» **WORKING DATA**
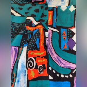 Vibrant button-up shirt with abstract patterns. Features teal, purple, red, and black colors. Oversized.
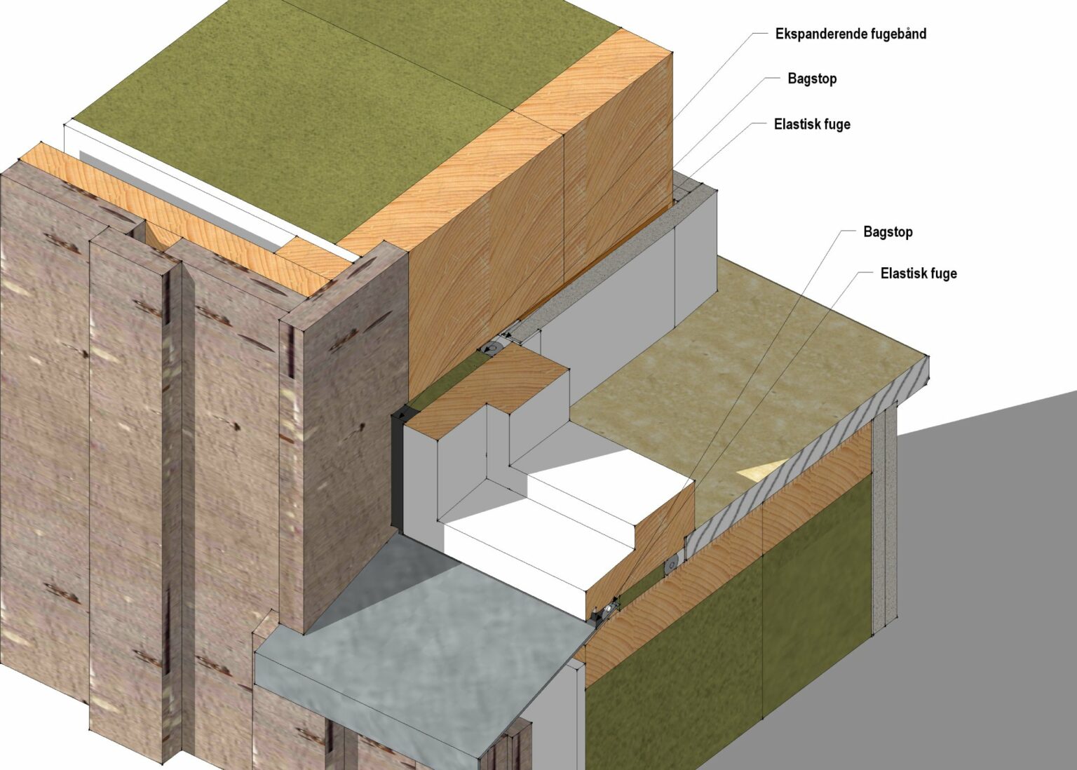 Udvendig regnskærm udføres med komprimeret fugebånd. Indvendig vindtætning udføres med fugemasse med fugeunderlag i fuldstændigt sammenhæng med dampspærre.
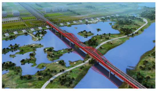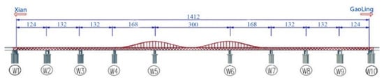 Figure 1, Figure 2 and Figure 3 are used to illustrate the specific details of the Weihe River Bridge. Figure 1 shows the schematic diagram of a cross-sectional structure, Figure 2 presents the layout of Weihe River Bridge span, and Figure 3 displays the overall view of the bridge.
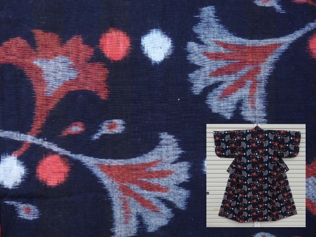 - ●木綿着物:16:●イチョウの葉:ドット●絣●藍染●仕付け糸●保存状態良好●
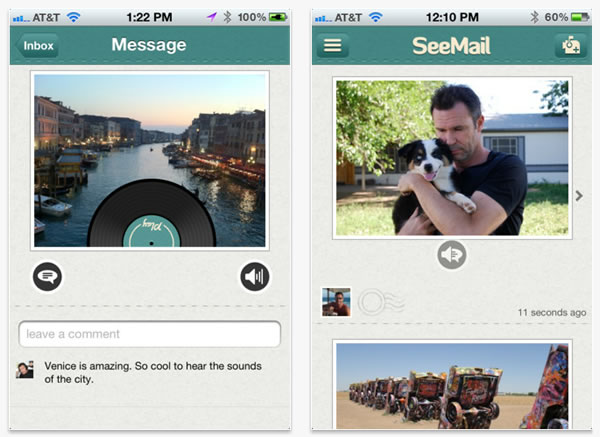 SeeMail es una aplicación para los dispositivos iOS de Apple, esta aplicación añade audio a las imágenes que tengamos guardadas en nuestro iPhone, iPad, iPod Touch. Podemos agregar pequeñas locuciones de voz y compartirlas por algunas de las redes sociales a las que pertenezcamos: Facebook, Twitter, Google+.
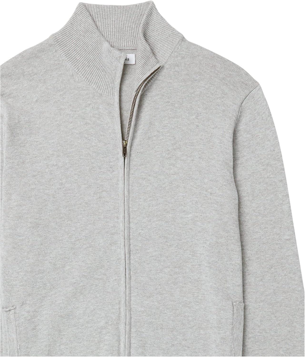 Amazon Essentials Men’s Full-Zip Cotton Sweater(Light Grey Heather)

» **WHAT THE TASK REQUIRES**
Output exactly the lines from the one containing "SeeMail es una" through the last line of the records above, both included, and leave out the pictures.

» **RESPONSE**
 SeeMail es una aplicación para los dispositivos iOS de Apple, esta aplicación añade audio a las imágenes que tengamos guardadas en nuestro iPhone, iPad, iPod Touch. Podemos agregar pequeñas locuciones de voz y compartirlas por algunas de las redes sociales a las que pertenezcamos: Facebook, Twitter, Google+.
 Amazon Essentials Men’s Full-Zip Cotton Sweater(Light Grey Heather)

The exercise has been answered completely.